§ **YOUR ASSIGNMENT**:
With the pictures left out, copy the records below exactly from the first line down to the line holding "其中,西側航班約佔四分之三,東側航班約佔四分之一。", and include that line.

§ **INPUT MATERIAL**:
★ ★ ★ ★ ★ ★ ★
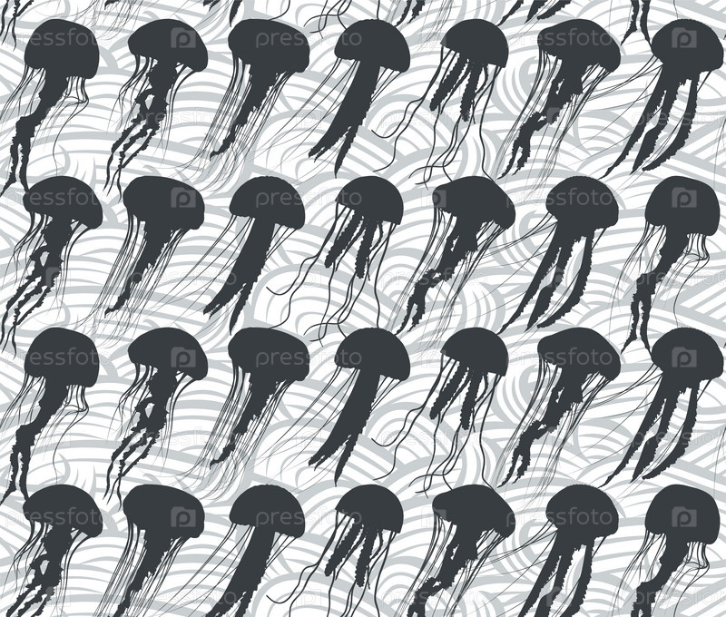 Бесшовный фон с медузами в море
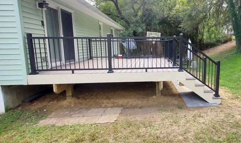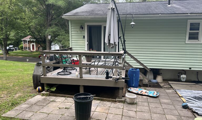 When it comes to creating the ultimate backyard retreat, a well-designed deck is a must. This summer, Fence & Deck Connection was pleased to help homeowners in Upper Marlboro, Maryland transform their outdoor space — one that is more spacious, modern, and requires far less maintenance. Project Consultant Chris Holmes helped our customers design a new space that offers plenty of room for relaxing and entertaining. We first removed and hauled away the existing wood deck before our hardworking crew installed the framework for a new 13′ x 13′ Trex deck.
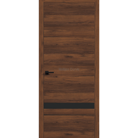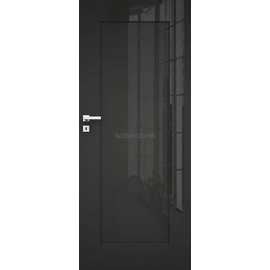 Iekšdurvis SOHO 2 SUPREME  melnā krāsā ar matētu stikla pildiņu un melniem dekoratīviem līstojuma elementiem.
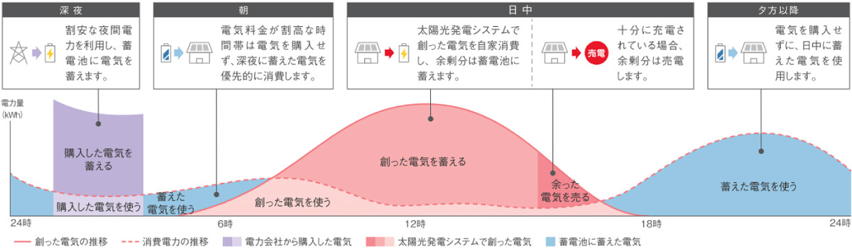 ●グリーンモードの一例です。●グラフは晴れた日のイメージです。「蓄えた電気を使う」「購入した電気を使う」などの切り替え時間はご家庭の消費電力やお客様の設定時刻によって異なります。●蓄電システムは定期的に満充電を行うことによって、蓄電池の状態を保つ設計となっています。性能を十分に発揮するために、1週間に1回程度の満充電が必要です。
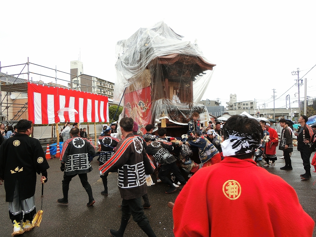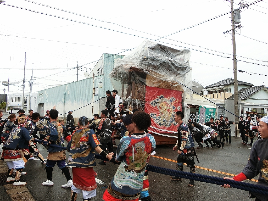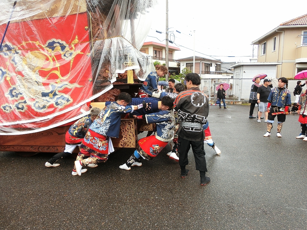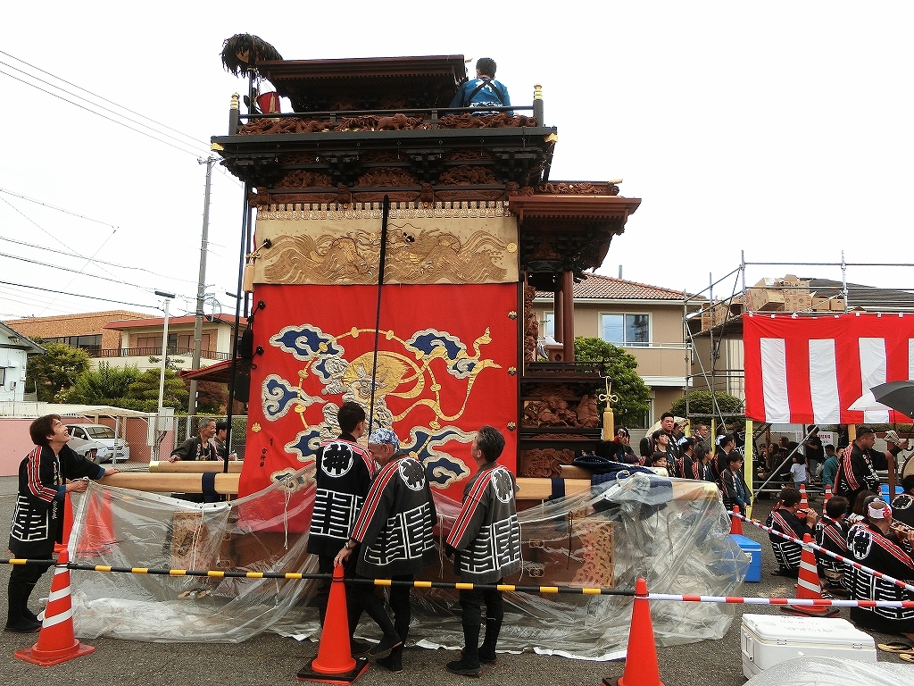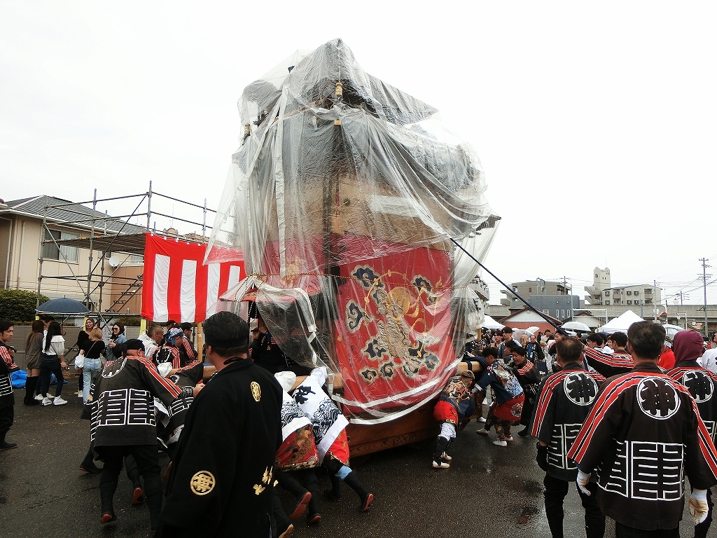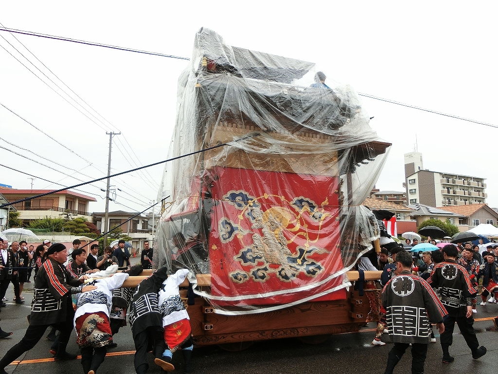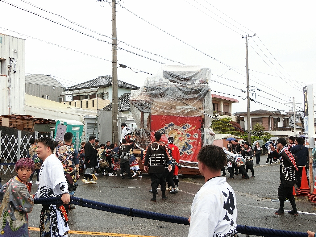 途中で雨が降りだしたため、傘を差して大太鼓を守りました。
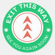 Pegatina circular clásico. Salir por aquí. Nos vemos pronto. Fondo verde.
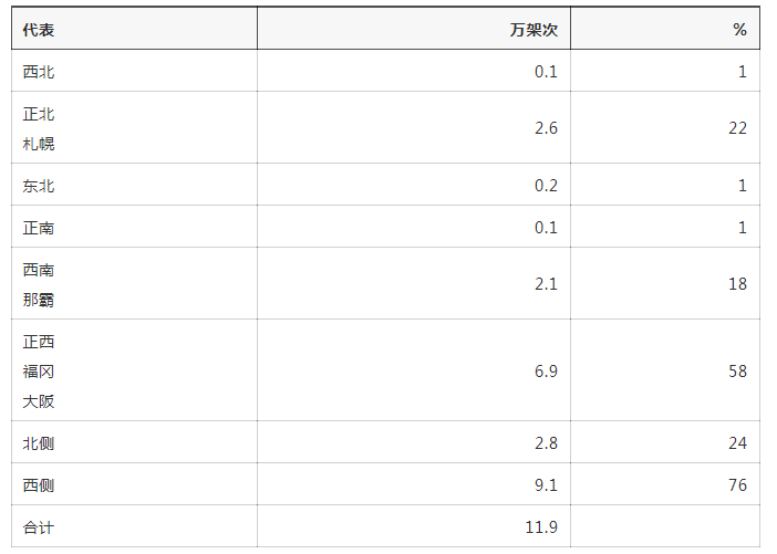 其中,西側航班約佔四分之三,東側航班約佔四分之一。
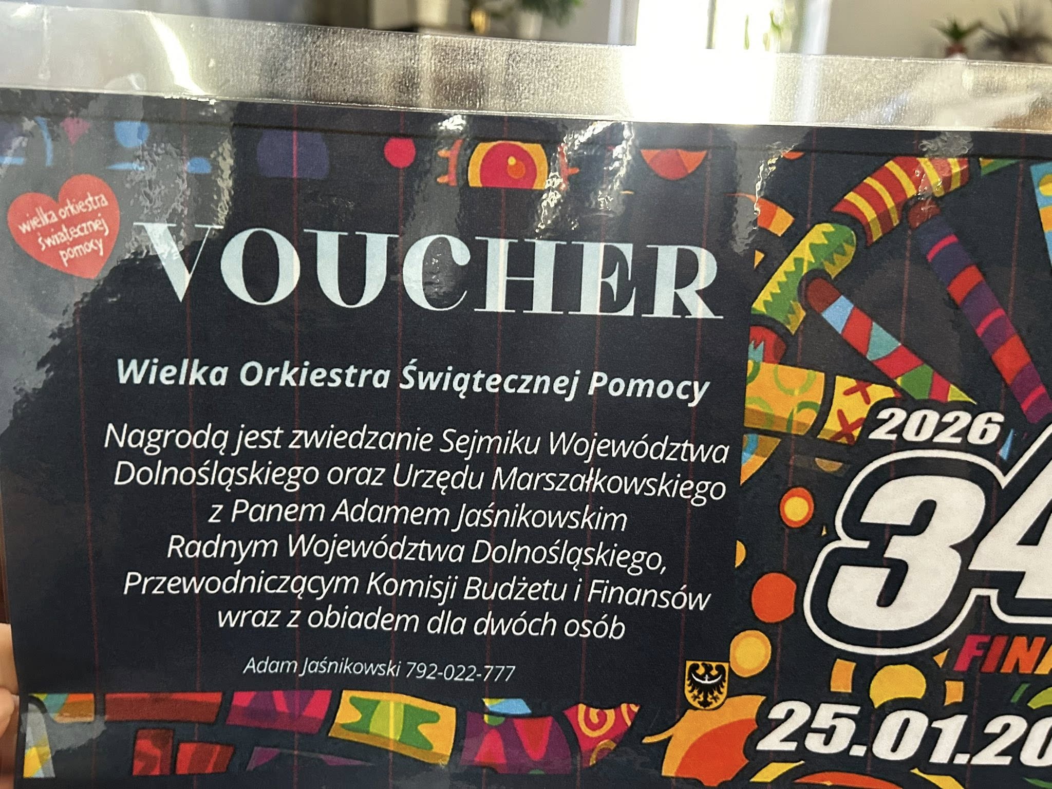 – voucher na zwiedzanie Sejmiku Województwa Dolnośląskiego oraz Urzędu Marszałkowskiego, zakończony obiadem dla dwóch osób w towarzystwie Adama Jaśnikowskiego,
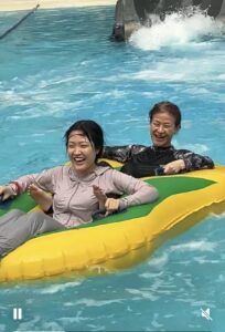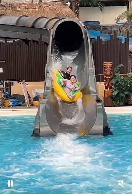 そして何十年振りの水着で挑むは温水プール、たじろいでいましたがスライダーも何種類も滑りましたがな 💦
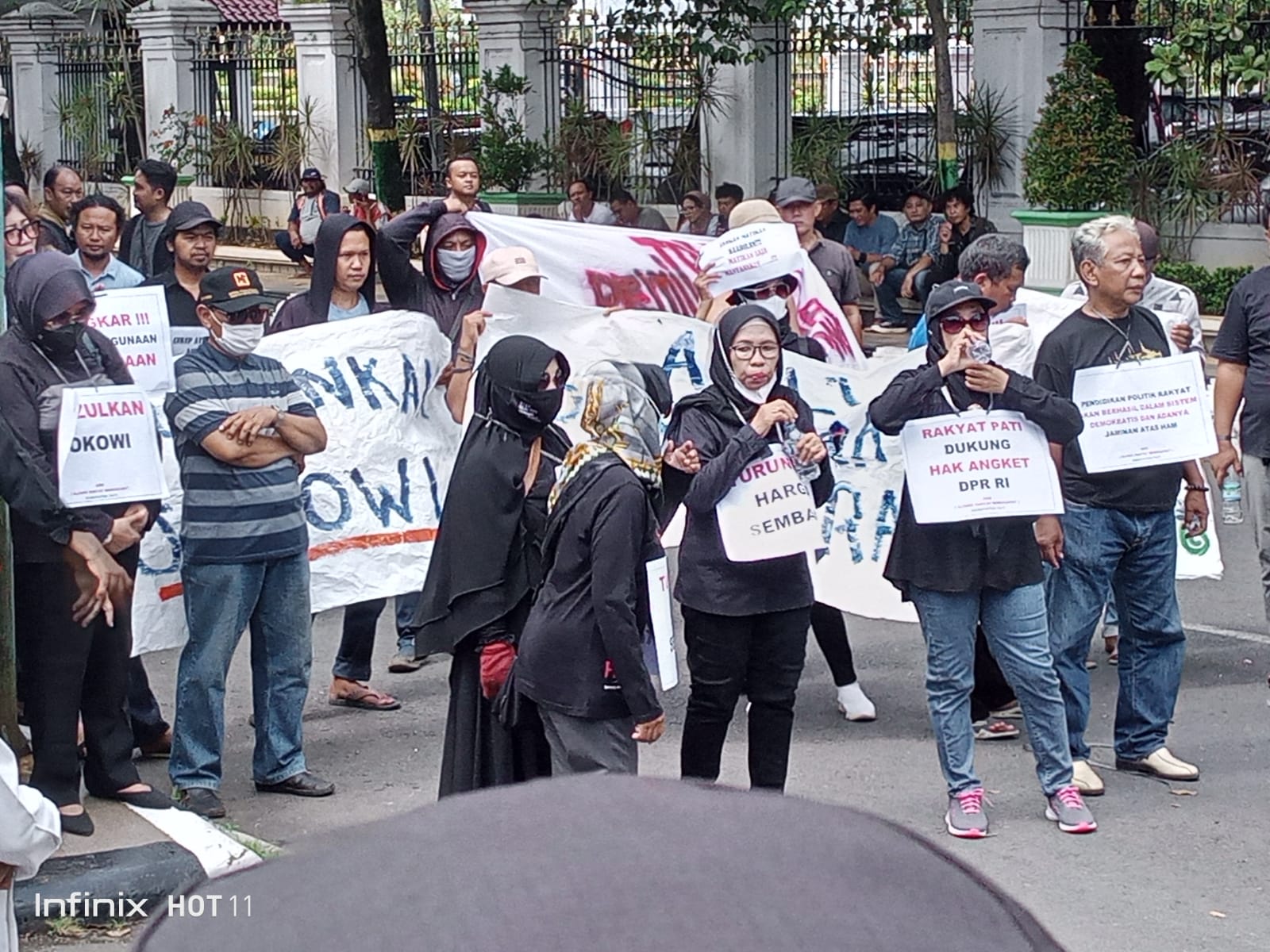 PATI – Puluhan massa yang tergabung dalam Aliansi Rakyat Menggugat hari ini mendatangi kantor DPRD Kabupaten Pati untuk menyampaikan tiga tuntutan, Jumat (01/03/2024).
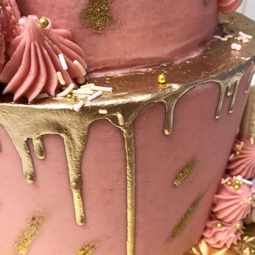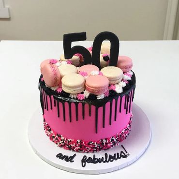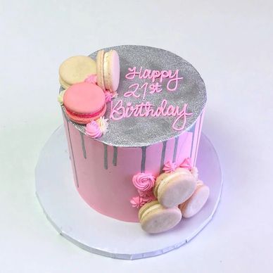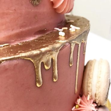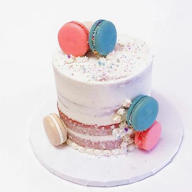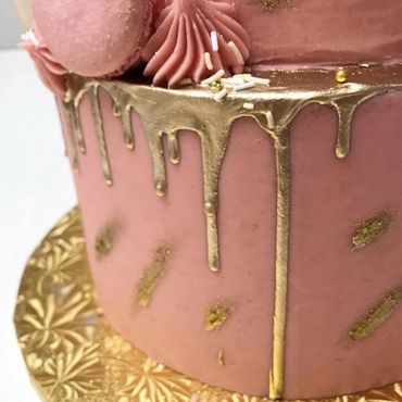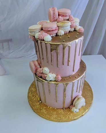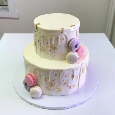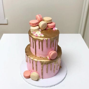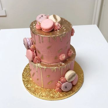 Whimsical cake decorated, covered in buttercream and topped with our French Macarons, and metallic or chocolate drizzle.
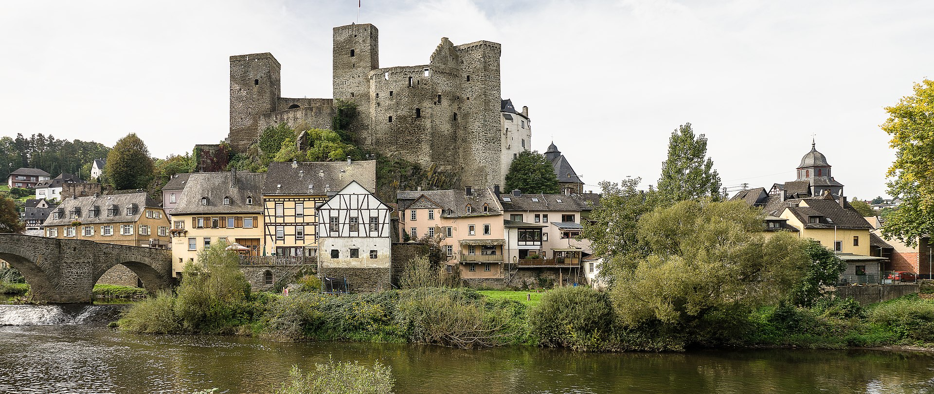 Runkel: Burg Runkel is a ruined hill castle dating from the High Middle Ages, located in the city of Runkel in the Landkreis (District) of Limburg-Weilburg in the state of Hesse. Nestled in the valley of the Lahn River, the town and castle are, i 3.75 mi (6.04 km) east of Limburg an der Lahn, 18.6 mi (29.9 km). The hill fort is situated at 492 ft (150 m) above sea level and rises about 115 ft (35 m) to 131 ft (40 m) above the valley of the Lahn.
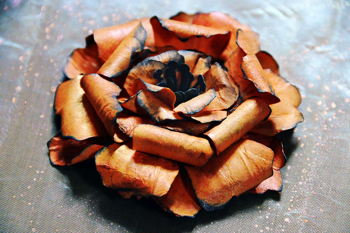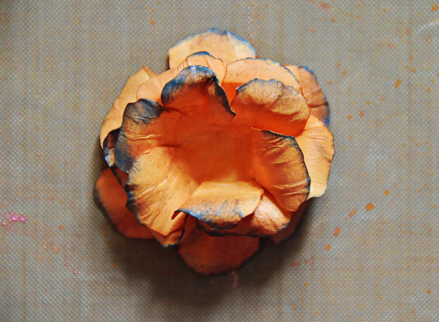 Откройте ваши засушенные цветы и разгладьте их немного. Возьмем один из крупных цветов и закрутим кудри в разных направлениях. Сделайте еще один большой цветок, и завить концы внутрь по направлению к центру цветка, и взять последний крупный цветок и завить концы слегка наружу.
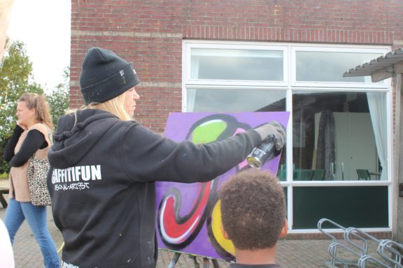 Fotos Graffiti: Creativiteit kent geen grenzen! Bewonder de kleurrijke kunstwerken en de trotse kunstenaars tijdens ons graffiti-evenement. Een echt feest van expressie!
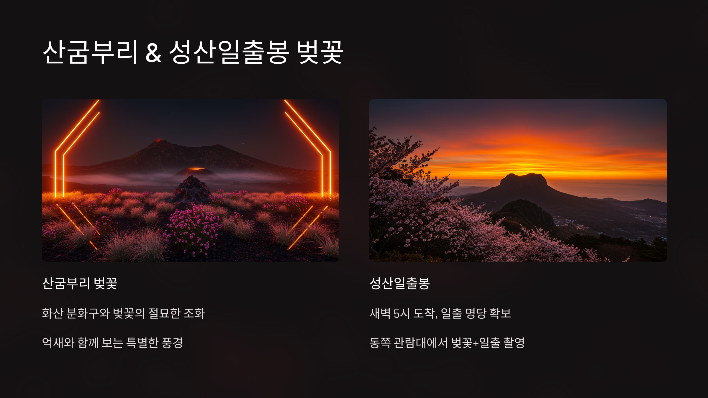 2일차: 성산일출봉 일출 & 벚꽃 감상 → 녹산로 벚꽃 드라이브 → 한라수목원 벚꽃길 🚗
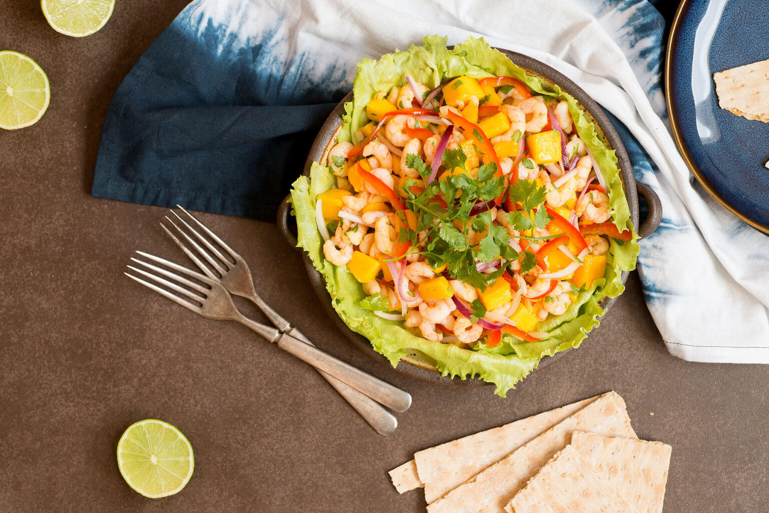 - Ceviche de camarones y mango
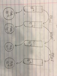 5. Next, gram stains were made for each of the four colonies. A sample from each colony was placed on a slide with some water and then allowed to dry a bit. Then the bacteria were fixed onto the slide by holding the slide over heat. Then, the slide was covered in crystal violent for 1 minute, washed with water the covered with iodine mordant for 1 minute, then rinsed with water. Next it was flooded with the decolorizer and then rinsed with water. Finally, the smear was covered with safranin stain and the excess was washed off.
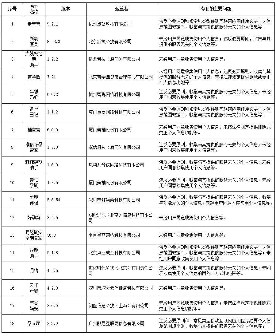 近期,针对人民群众反映强烈的App非法获取、超范围收集、过度索权等侵害个人信息的现象,国家互联网信息办公室依据《中华人民共和国网络安全法》《App违法违规收集使用个人信息行为认定方法》《常见类型移动互联网应用程序必要个人信息范围规定》等法律和有关规定,组织对运动健身、新闻资讯、网络直播、应用商店、女性健康等常见类型公众大量使用的部分App的个人信息收集使用情况进行了检测。现将有关情况通报如下:
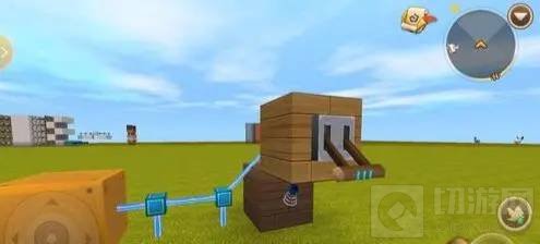 1.首先任意地放一个方块,在方块的前面放一个电能的产生器。
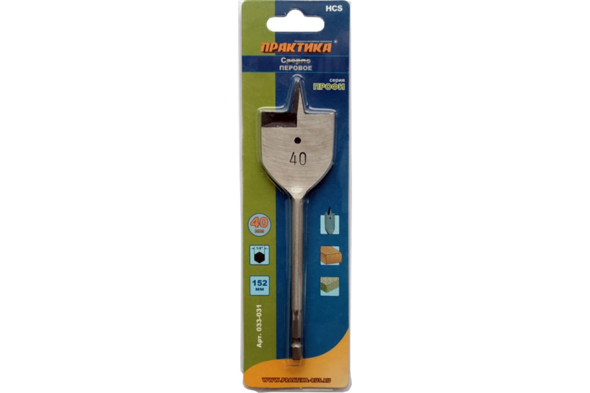 Сверло перовое по дереву (40х152 мм) ПРАКТИКА 033-031
★ ★ ★ ★ ★ ★ ★
§ **ANSWER BELOW**:
 Бесшовный фон с медузами в море
 When it comes to creating the ultimate backyard retreat, a well-designed deck is a must. This summer, Fence & Deck Connection was pleased to help homeowners in Upper Marlboro, Maryland transform their outdoor space — one that is more spacious, modern, and requires far less maintenance. Project Consultant Chris Holmes helped our customers design a new space that offers plenty of room for relaxing and entertaining. We first removed and hauled away the existing wood deck before our hardworking crew installed the framework for a new 13′ x 13′ Trex deck.
 Iekšdurvis SOHO 2 SUPREME  melnā krāsā ar matētu stikla pildiņu un melniem dekoratīviem līstojuma elementiem.
 ●グリーンモードの一例です。●グラフは晴れた日のイメージです。「蓄えた電気を使う」「購入した電気を使う」などの切り替え時間はご家庭の消費電力やお客様の設定時刻によって異なります。●蓄電システムは定期的に満充電を行うことによって、蓄電池の状態を保つ設計となっています。性能を十分に発揮するために、1週間に1回程度の満充電が必要です。
 途中で雨が降りだしたため、傘を差して大太鼓を守りました。
 Pegatina circular clásico. Salir por aquí. Nos vemos pronto. Fondo verde.
 其中,西側航班約佔四分之三,東側航班約佔四分之一。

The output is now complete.